Contact List Inconsistencies

We have a solution built for promotion workflows but are running into an issue with Contact List type cells. Right now, promotions requests are submitted by using a form. The employee recommended for promotion is selected using a contact list field type in the form. There are several approvals that happen as part of the workflow and each approver is also a contact field. We want to alter either our automations or assigned ball in court to skip steps where the employee being promoted is the same as that approval stage. Our challenge is that sometimes contacts come in as full e-mail addresses and sometimes it shows just their name. I tested out matching those two and they do not match even though they are really the same contact in the background.

Answers

  • jmyzk_cloudsmart_jp
    jmyzk_cloudsmart_jp Community Champion

    Hi @Tara Messa

    The issue arises because Smartsheet Contact List cells sometimes display only names and sometimes email addresses, causing inconsistencies when matching contacts. This affects automation workflows and approval steps, especially when the promoted employee is the same as the approver at a specific stage.

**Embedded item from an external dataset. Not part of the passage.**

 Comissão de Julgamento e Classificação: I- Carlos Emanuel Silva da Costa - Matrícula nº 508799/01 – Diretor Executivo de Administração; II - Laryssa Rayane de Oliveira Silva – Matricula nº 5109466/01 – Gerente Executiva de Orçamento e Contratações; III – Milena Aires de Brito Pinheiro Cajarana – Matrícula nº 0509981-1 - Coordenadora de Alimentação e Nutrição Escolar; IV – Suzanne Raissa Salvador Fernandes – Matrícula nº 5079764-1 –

    The most reliable approach to resolving this issue is to use email addresses as the primary identifier. They are unique and ensure consistent matching in workflows.

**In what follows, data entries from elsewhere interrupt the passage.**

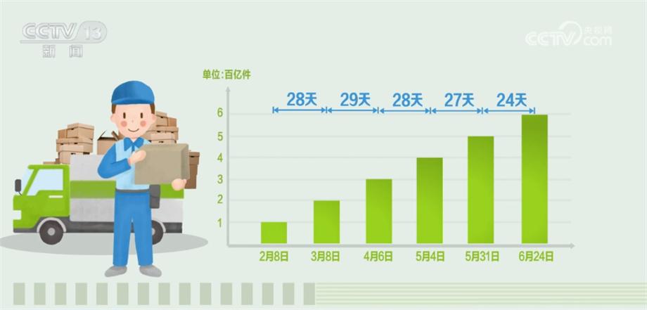 今年以來,從2月8日我國快遞業(yè)務(wù)量超100億件起,每個(gè)月快遞業(yè)務(wù)量都以百億件為增量。28天,快遞業(yè)務(wù)量從100億件到200億件(3月8日),29天達(dá)300億件(4月6日),28天從300億件到400億件(5月4日),27天達(dá)500億件(5月31日),從500億件到600億件(6月24日)只花了24天。
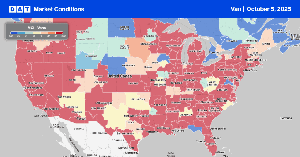 Last week, the dry van load-to-truck ratio rose to 7.67, as load posts increased slightly at month-end and equipment posts dropped by 5%. Brokers faced capacity challenges in California, particularly in the Stockton market, where load posts were up almost 20% week-over-week and overall California load posts increased by 6%. This was due to a decrease in trucks typically arriving from Los Angeles daily, leading to a 10% fall in loads moved on the high-volume Los Angeles to Stockton lane. The significant 17% drop in import containerized volume from Asia during September is likely the direct cause of this short-term capacity imbalance. Approximately 50% of the monthly imports at the Ports of Los Angeles and Long Beach originate in China, a nation currently involved in a trade war with the U.S.
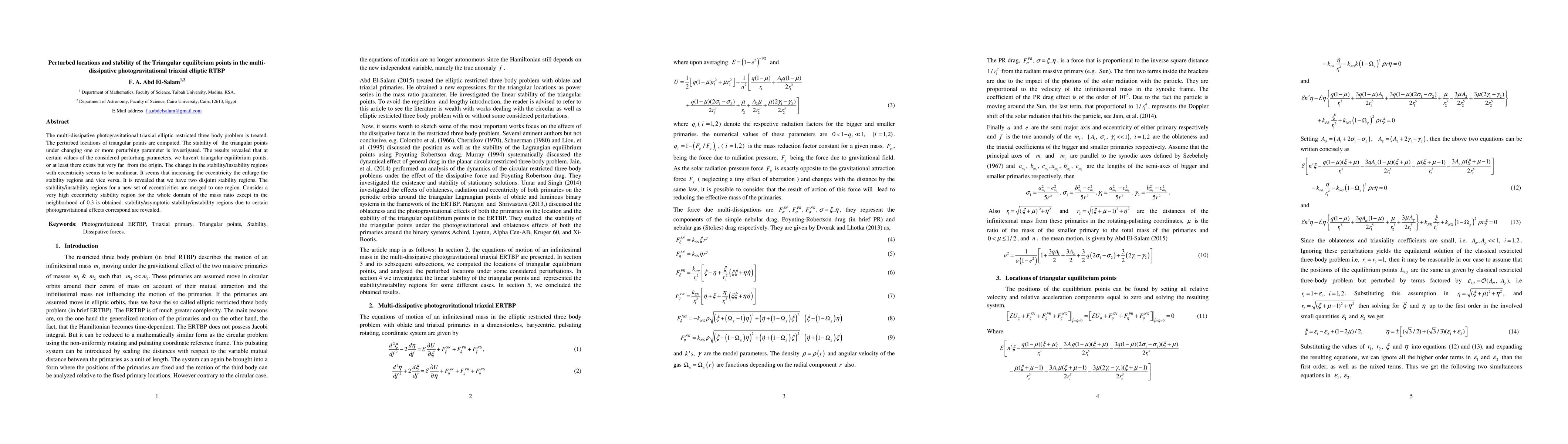 The multi-dissipative photogravitational triaxial elliptic restricted three body problem is treated. The perturbed locations of triangular points are computed. The stability of the triangular points under changing one or more perturbing parameter is investigated. The results revealed that at certain values of the considered perturbing parameters, we haven't triangular equilibrium points, or at least there exists but very far from the origin. The change in the stability/instability regions with eccentricity seems to be nonlinear. It seems that increasing the eccentricity the enlarge the stability regions and vice versa. It is revealed that we have two disjoint stability regions. The stability/instability regions for a new set of eccentricities are merged to one region. Consider a very high eccentricity stability region for the whole domain of the mass ratio except in the neighborhood of 0.3 is obtained. stability/asymptotic stability/instability regions due to certain photogravitational effects correspond are revealed.

    If users remember names but not email addresses, a mapping table can be created in Smartsheet to link names to their corresponding email addresses. Formulas like VLOOKUP or INDEX MATCH can convert names into email addresses internally. This ensures workflows and automations can operate accurately based on an email-based contact list.

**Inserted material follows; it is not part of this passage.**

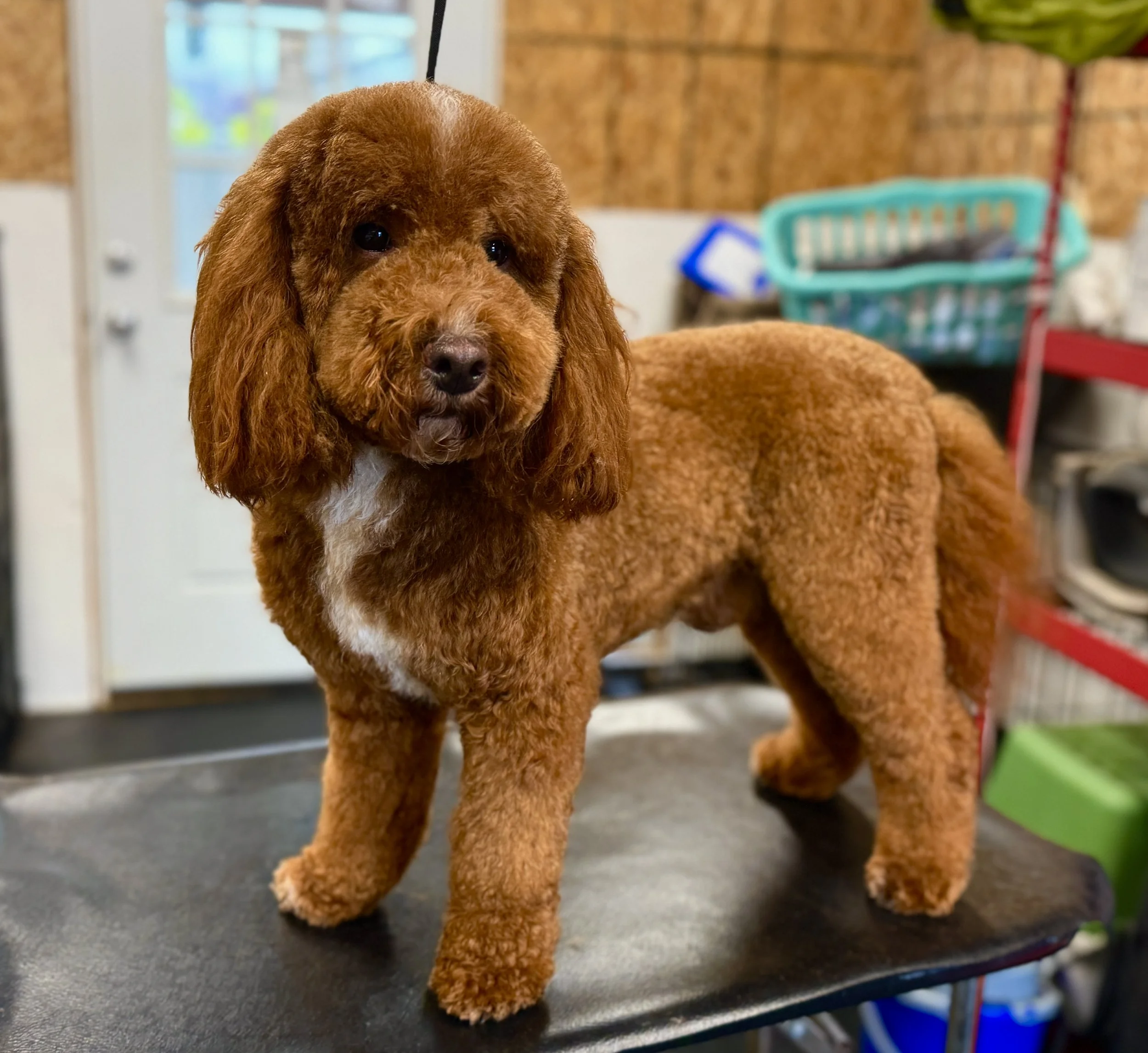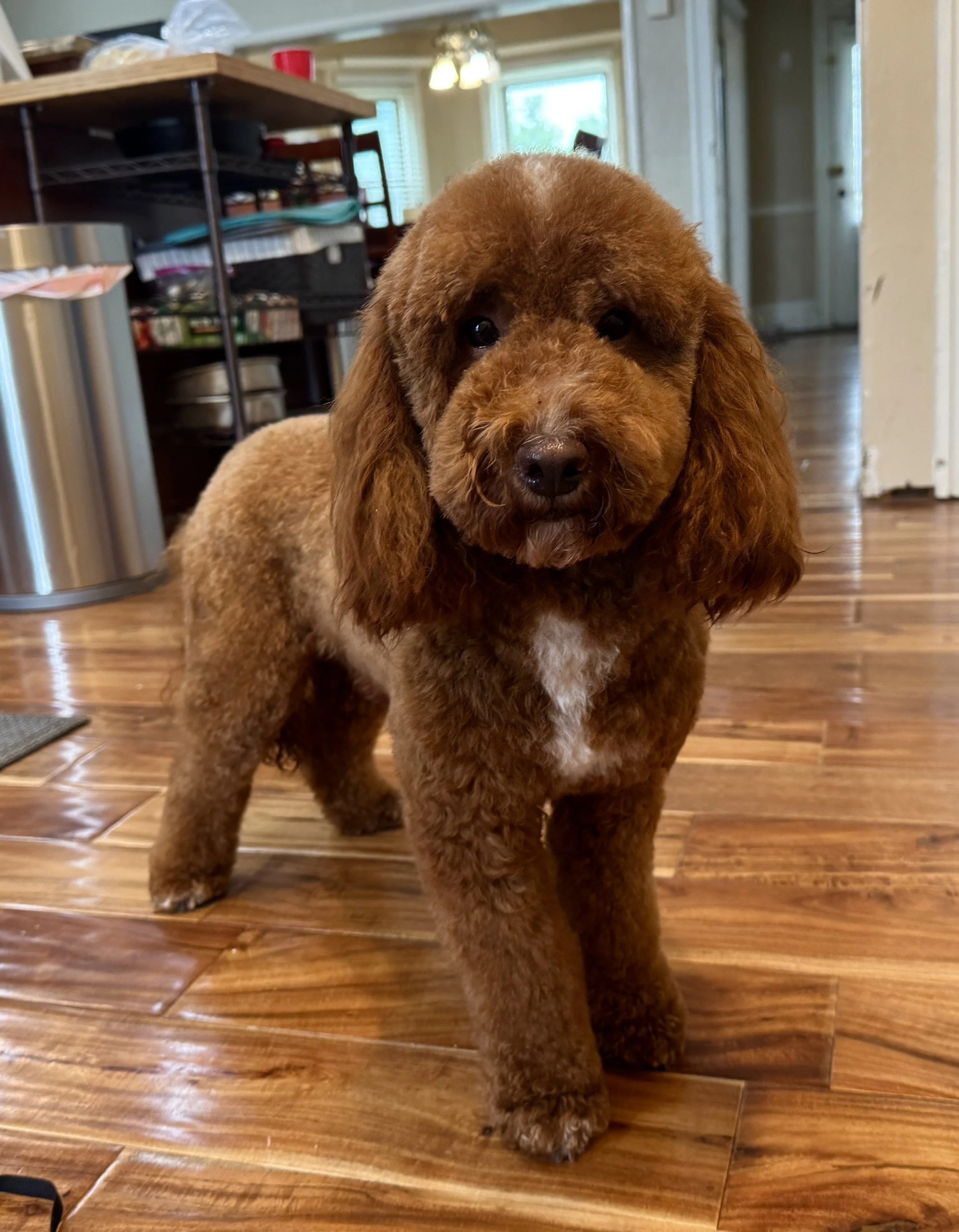 Goose is an AKC DEEP red abstract Miniature poodle, who carries the irish spotting gene. He is DNA tested through Canine Health Check and is 100 % clear with 1 of IVDD and O CDPA. His hips patellas and eyes testing can all be seen on his profile linked below.

    Alternatively, the form can be updated to display options like “Name (Email)” for each candidate. This allows users to recognize and select the correct contact while ensuring email addresses are used in the background for workflow consistency. (Without the table, use the TEXT function to get the Email part.)

    In both cases, once you have the candidate employee's email address, you can use a formula to reference it in the sponsor email table to get the sponsor email.

    To handle the specific case of skipping approval steps where the candidate employee is the same as the approver or sponsor, automation rules can be updated to compare the email addresses of the employee and the sponsor.